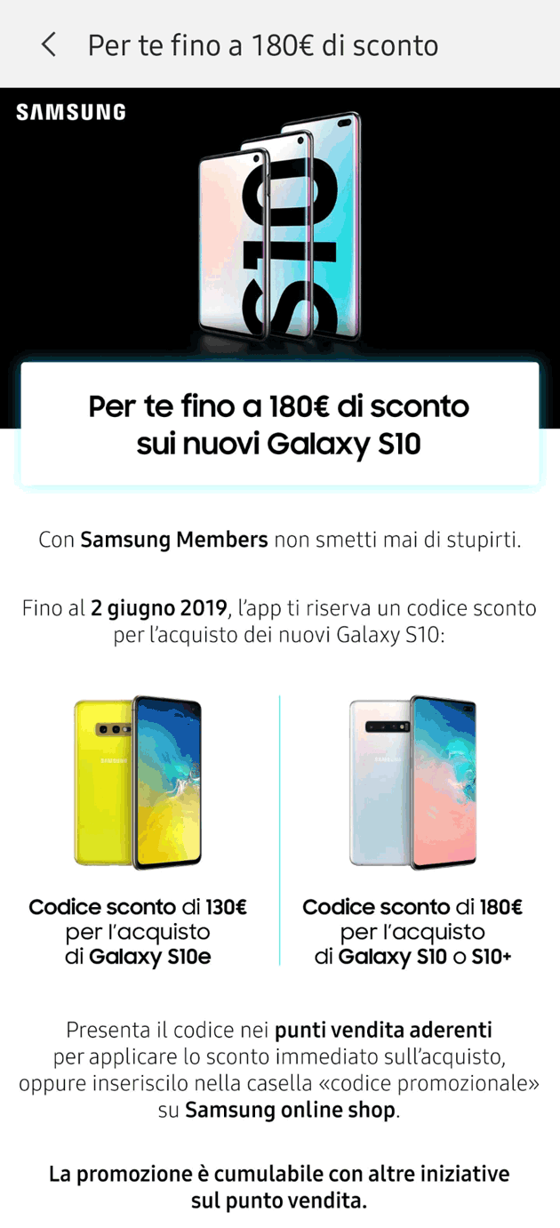 Se hai uno smartphone Samsung accedi alla app Samsung Members e ottieni un buono sconto di fino a 180 euro da utilizzare, entro il 2 giugno, per l'acquisto di Galaxy S10e, S10 o S10 Plus.
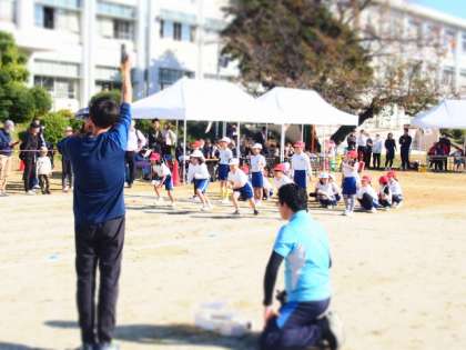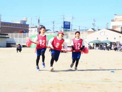 3年生、演技名「かけ出せ!協力はっけん隊!」として、徒競走と台風の目を行いました。
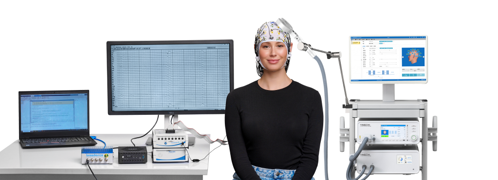本次工作坊由瀚翔腦科學的臨床技術高級工程師翁祺和科研技術高級工程師段翼新分別進行TMS同步EEG實操過程的演示和TMS-EEG數據的分析,展現了英智TMS同步EEG的創新解決方案:

# # # #

Description of the task: Exact reproduction is required. Output only the lines from the one with "3年生、演技名「かけ出せ!協" through the end of the listing above, both ends included, and no pictures.

Completed task:
 3年生、演技名「かけ出せ!協力はっけん隊!」として、徒競走と台風の目を行いました。
本次工作坊由瀚翔腦科學的臨床技術高級工程師翁祺和科研技術高級工程師段翼新分別進行TMS同步EEG實操過程的演示和TMS-EEG數據的分析,展現了英智TMS同步EEG的創新解決方案:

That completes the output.